Historical population
| Census | Pop. | Note | %± |
| 1910 | 211 |  | — |
| 1920 | 280 |  | 32.7% |
| 1930 | 399 |  | 42.5% |
| 1940 | 508 |  | 27.3% |
| 1950 | 425 |  | −16.3% |
| 1960 | 348 |  | −18.1% |
| 1970 | 232 |  | −33.3% |
| 1980 | 342 |  | 47.4% |
| 1990 | 489 |  | 43.0% |
| 2000 | 335 |  | −31.5% |
| 2010 | 287 |  | −14.3% |
| 2020 | 253 |  | −11.8% |
| 2025 (est.) | 243 | Decrease | −4.0% |
U.S. Decennial Census 2014 Estimate

===2020 census===

| Race / Ethnicity (NH = Non-Hispanic) | Pop 2000 | Pop 2010 | Pop 2020 | % 2000 | % 2010 | % 2020 |
|---|---|---|---|---|---|---|
| White alone (NH) | 124 | 120 | 115 | 37.01% | 41.81% | 45.45% |
| Black or African American alone (NH) | 209 | 165 | 129 | 62.39% | 57.49% | 50.99% |
| Native American or Alaska Native alone (NH) | 1 | 1 | 0 | 0.30% | 0.35% | 0.00% |
| Asian alone (NH) | 0 | 0 | 0 | 0.00% | 0.00% | 0.00% |
| Native Hawaiian or Pacific Islander alone (NH) | 0 | 0 | 0 | 0.00% | 0.00% | 0.00% |
| Other race alone (NH) | 0 | 0 | 2 | 0.00% | 0.00% | 0.79% |
| Mixed race or Multiracial (NH) | 1 | 1 | 4 | 0.30% | 0.35% | 1.58% |
| Hispanic or Latino (any race) | 0 | 0 | 3 | 0.00% | 0.00% | 1.19% |
| Total | 335 | 287 | 253 | 100.00% | 100.00% | 100.00% |

As of the 2020 United States census, there were 253 people, 112 households, and 66 families residing in the city.

===2010 census===
As of the 2010 United States census, there were 287 people living in the city. The racial makeup of the city was 57.5% Black, 41.8% White, 0.3% Native American and 0.3% from two or more races.

===2000 census===
As of the census of 2000, there were 335 people, 142 households, and 94 families living in the city. The population density was 62.9 PD/sqmi. There were 182 housing units at an average density of 34.2 /sqmi. The racial makeup of the city was 37.01% White, 62.39% Black or African American, 0.30% Native American, and 0.30% from two or more races.

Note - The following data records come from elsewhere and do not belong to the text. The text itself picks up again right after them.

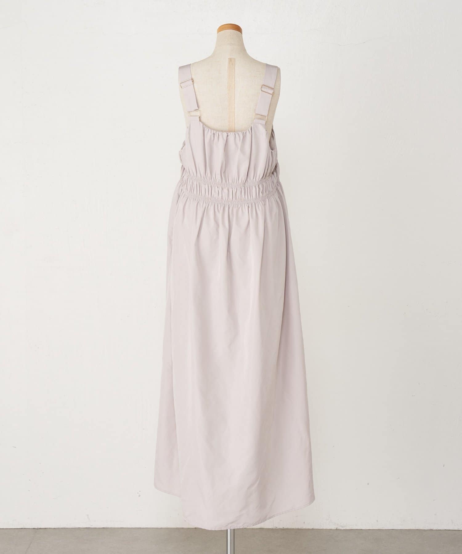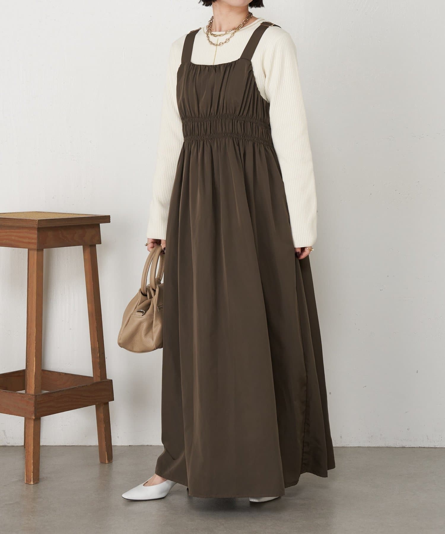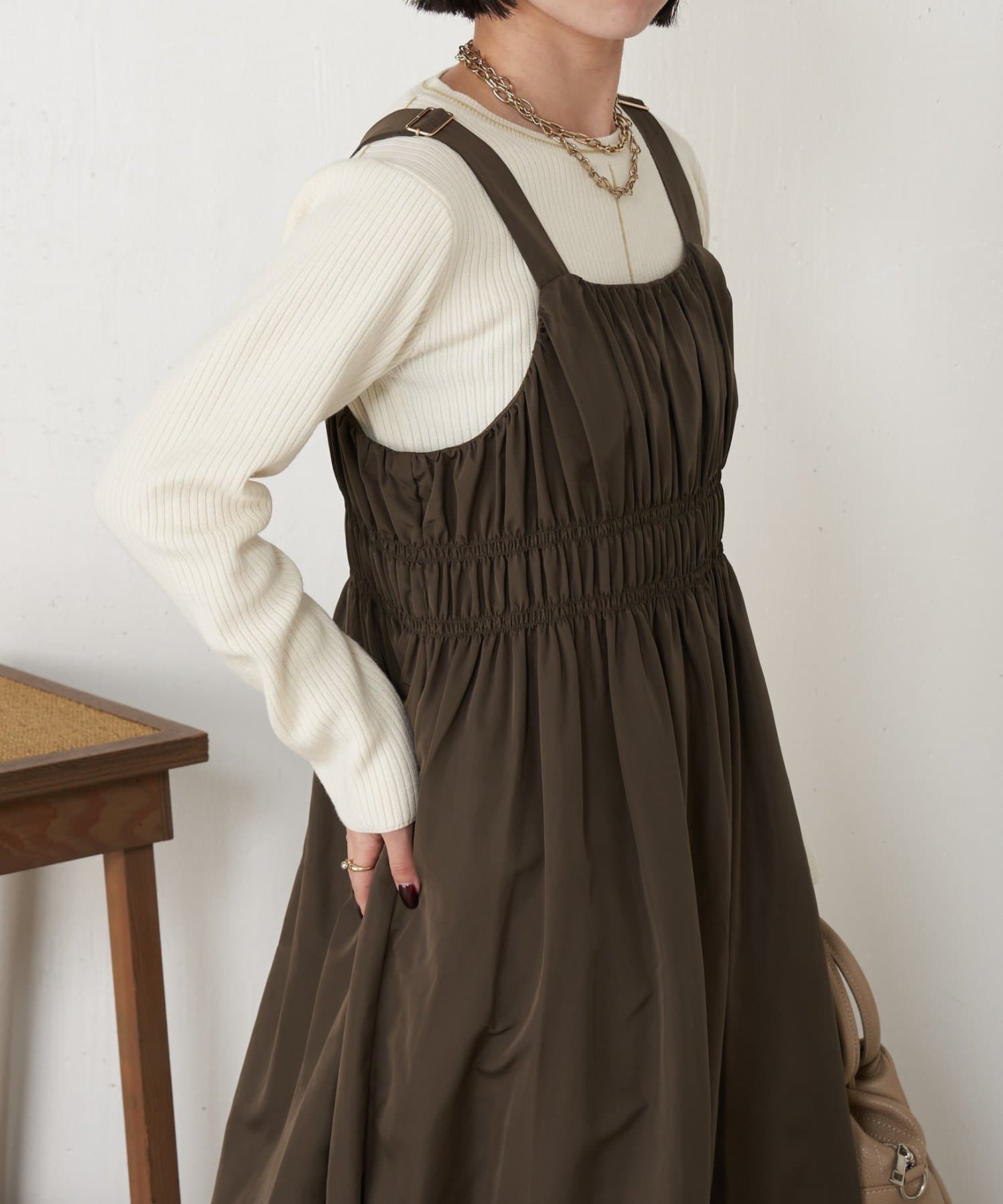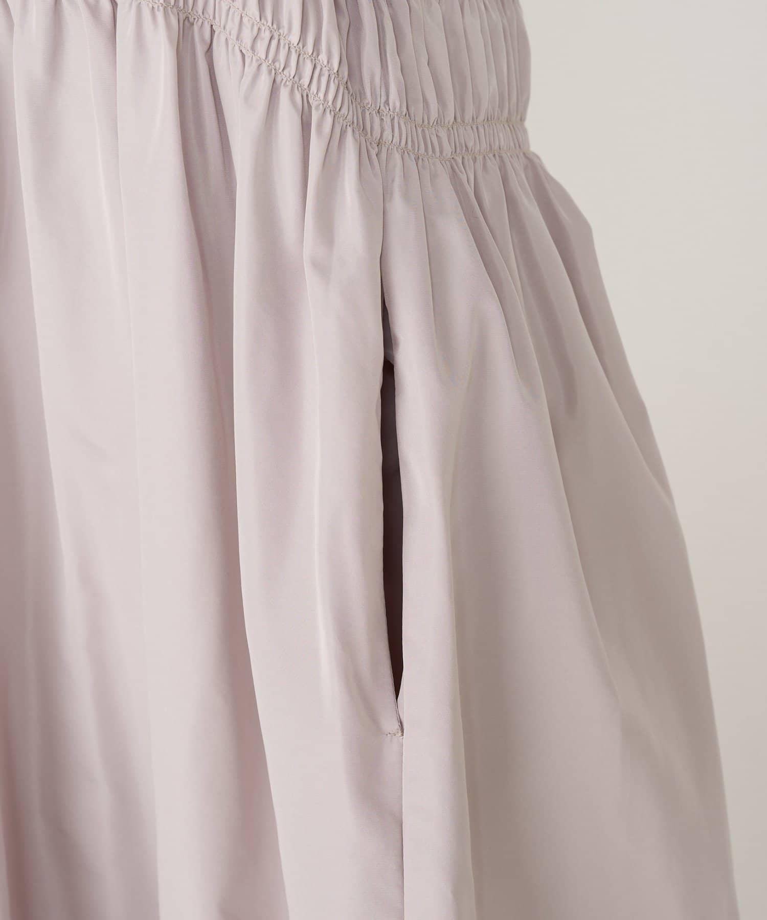 ・ウエストのシャーリングデザインが大人の甘さをプラスしたカジュアル過ぎないナイロン素材のジャンスカ。
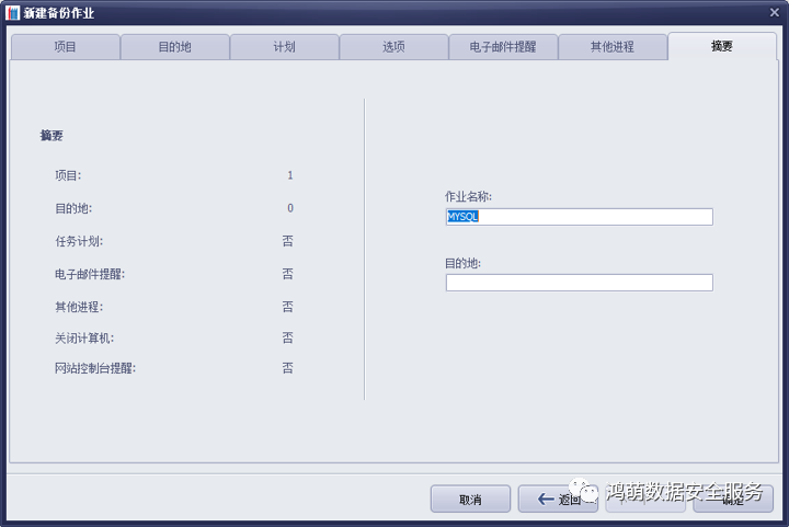 6)设置备份任务名称,浏览任务摘要信息
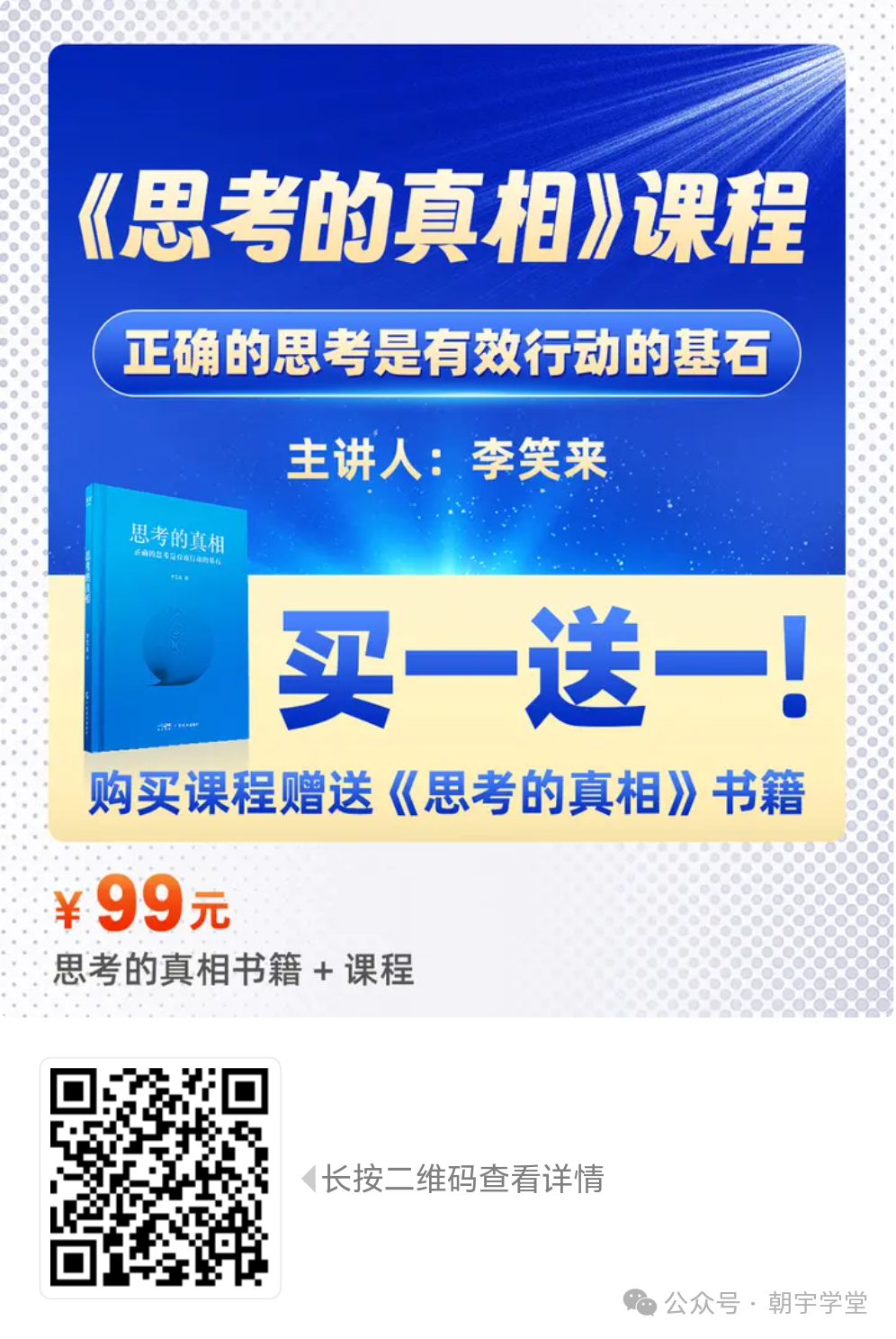 1)社群成员真实的成长故事集,《长期主义成长手册》电子版2册;2)8月1-7日,价值199元的官方读书会,用《思考的真相》、《财富的真相》理论拆解工作、生活、学习相关决策与行动等,包括减肥、育儿、家庭建设等;3)额外专属,和朝宇一起共读《思考的真相》;
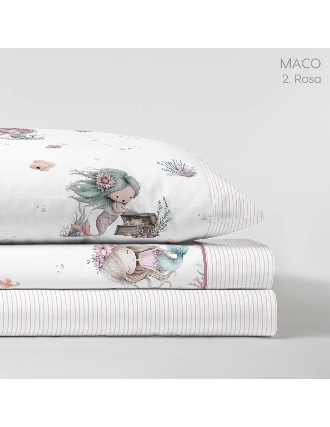 Sábana bajera a rayas y sábana encimera y funda de almohada con estampado de sirenas.

There were 142 households, out of which 17.6% had children under the age of 18 living with them, 43.7% were married couples living together, 16.2% had a female householder with no husband present, and 33.8% were non-families. 30.3% of all households were made up of individuals, and 16.2% had someone living alone who was 65 years of age or older. The average household size was 2.36 and the average family size was 2.89.

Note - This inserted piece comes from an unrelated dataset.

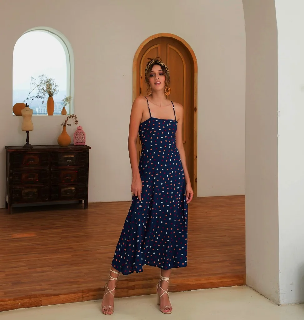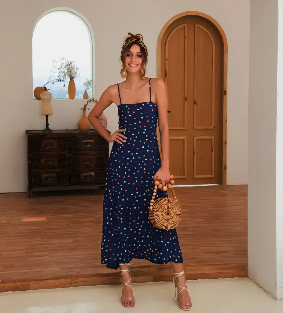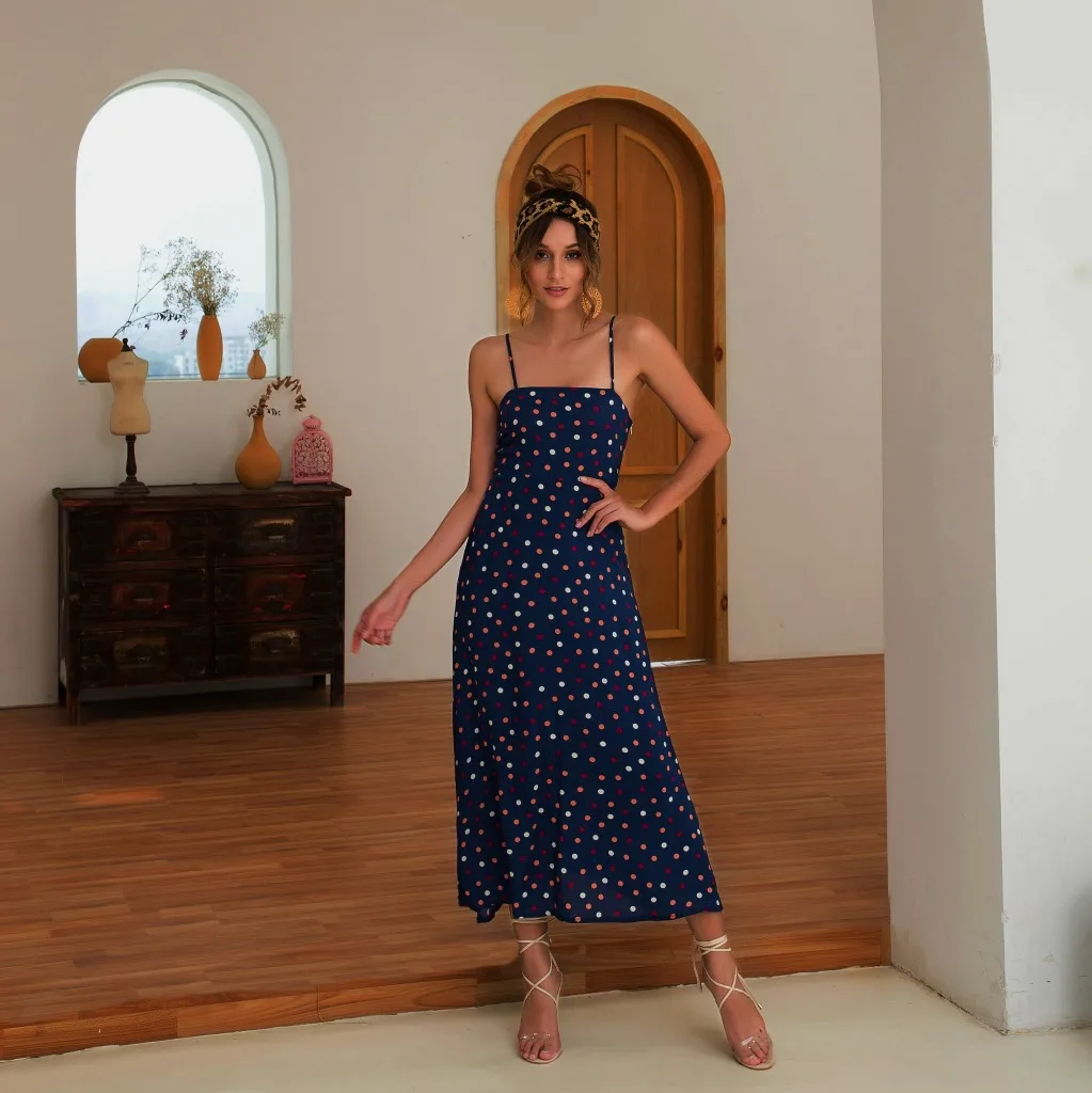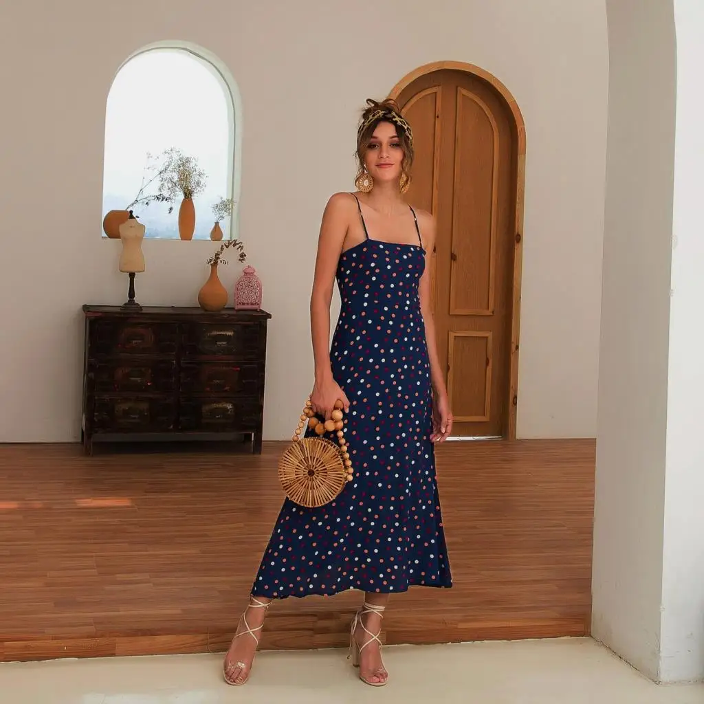 2021 Summer New Women's Fashion Casual Print Slash Neck Spaghetti Straps Sleeveless Backless Loose Waist Ankle Lenght Dress Lady

In the city, the population was spread out, with 20.9% under the age of 18, 8.1% from 18 to 24, 22.7% from 25 to 44, 25.4% from 45 to 64, and 23.0% who were 65 years of age or older. The median age was 44 years. For every 100 females, there were 87.2 males. For every 100 females age 18 and over, there were 82.8 males.

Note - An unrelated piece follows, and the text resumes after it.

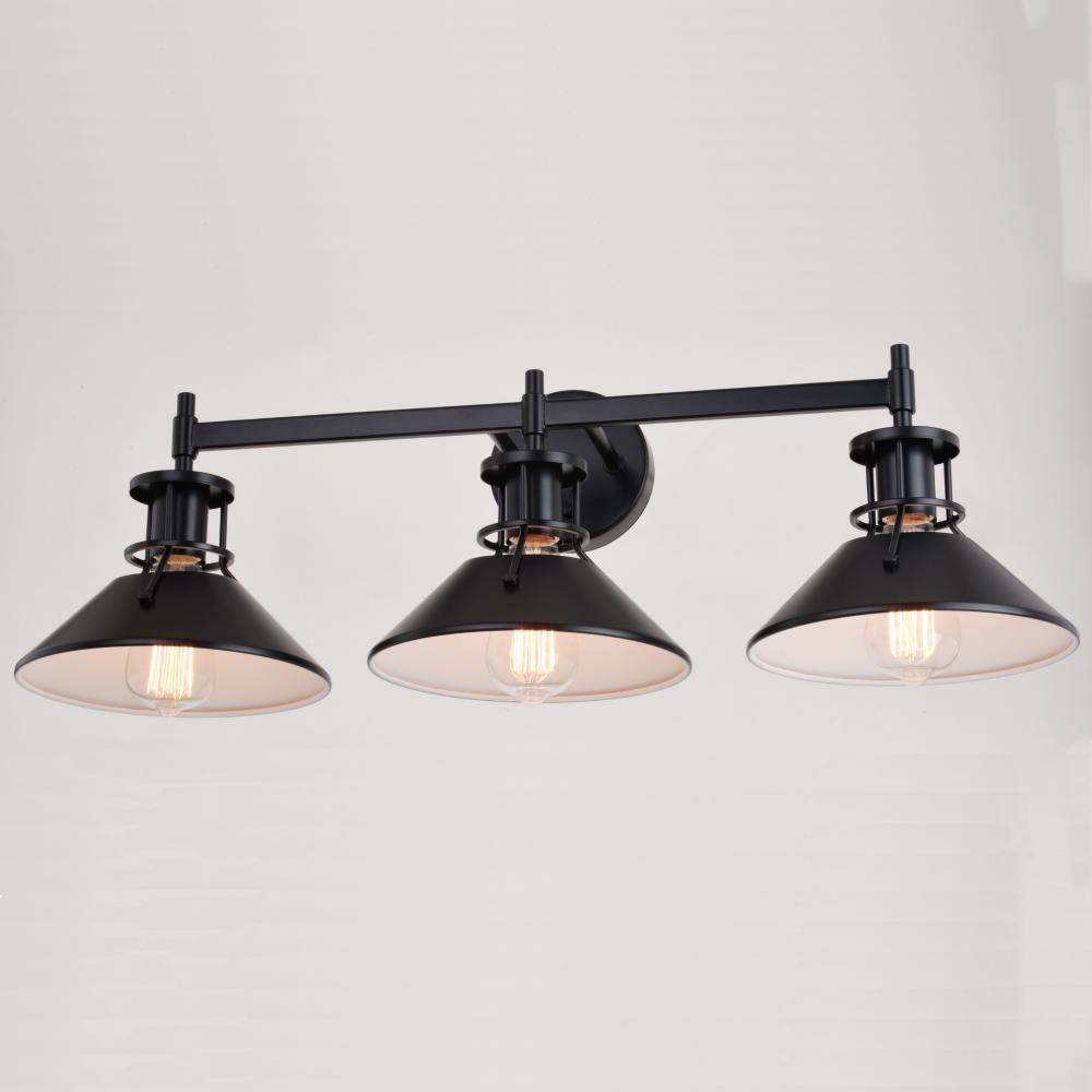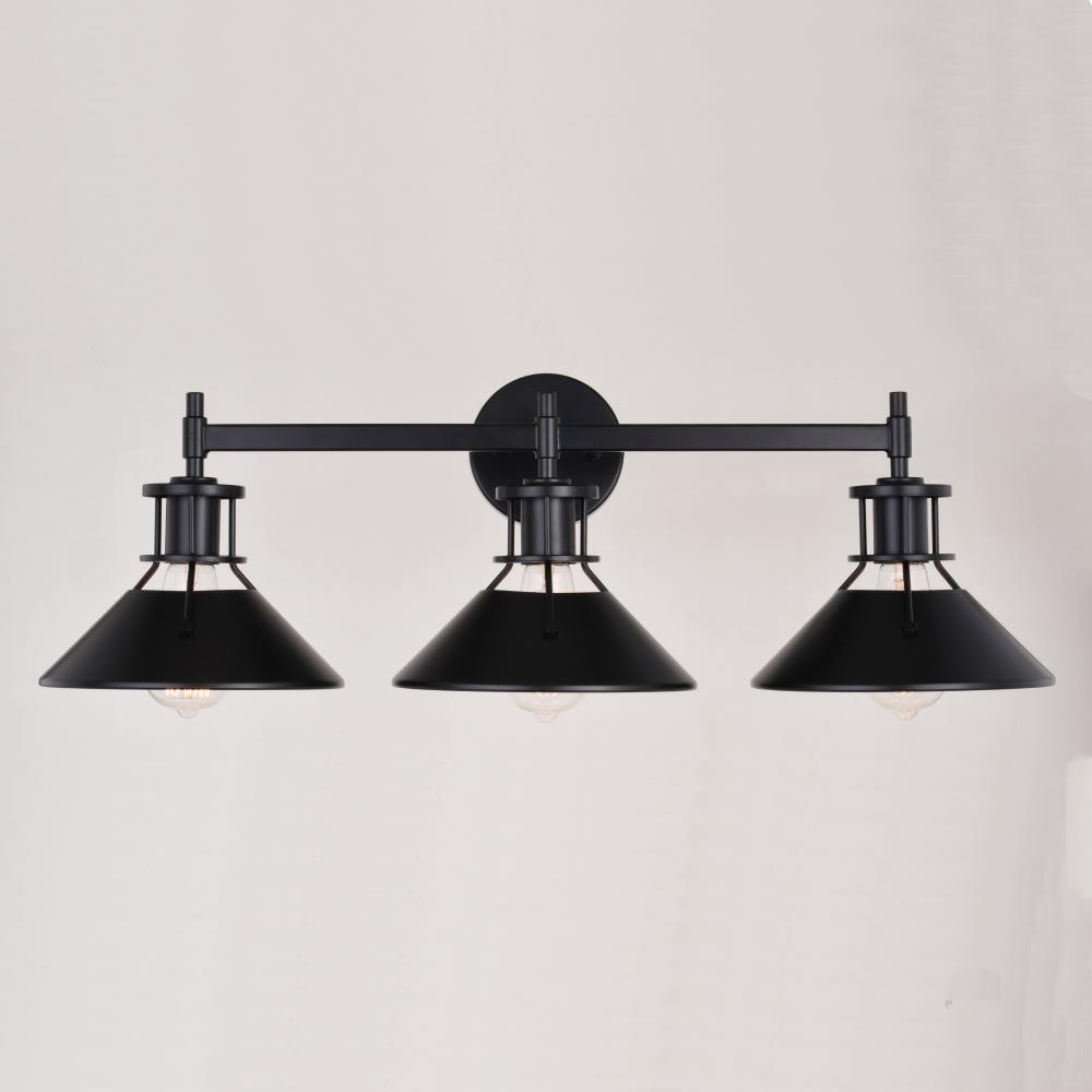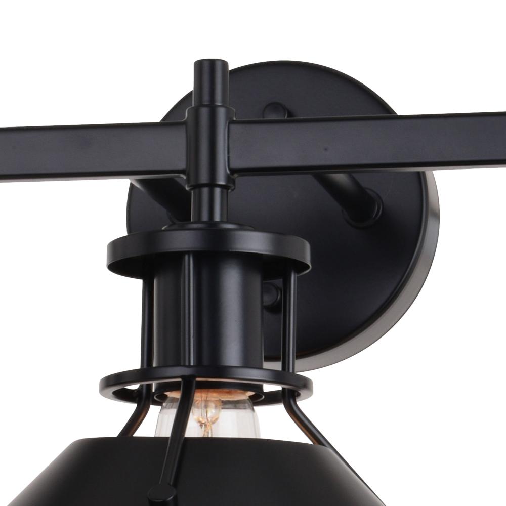 The Canton collection speaks loudly to industrial and farmhouse charm. The black metal shades taper outward to generate the utmost light below. A small cage-like structure allows light to peek out above the shade balancing the show of light. Add this 3-light vanity to any bath, or even a kitchen, for that edgy touch of flair.

The median income for a household in the city was $21,397, and the median income for a family was $29,000. Males had a median income of $27,656 versus $20,250 for females. The per capita income for the city was $13,425. About 21.8% of families and 27.3% of the population were below the poverty line, including 42.4% of those under age 18 and 20.8% of those age 65 or over.

==Education==
Public education for elementary and secondary school students is available from Camden Fairview School District, which leads to graduation from Camden Fairview High School.

The Chidester School District consolidated into the Fairview School District on July 1, 1987; the Fairview district later became the Camden-Fairview School District as it had absorbed the Camden School District on October 16, 1990.

Previously the Camden Fairview district operated Chidester Elementary School. It occupied the former Chidester Public School, a high school building, and was established in 1987. Its school facility was built in 1968.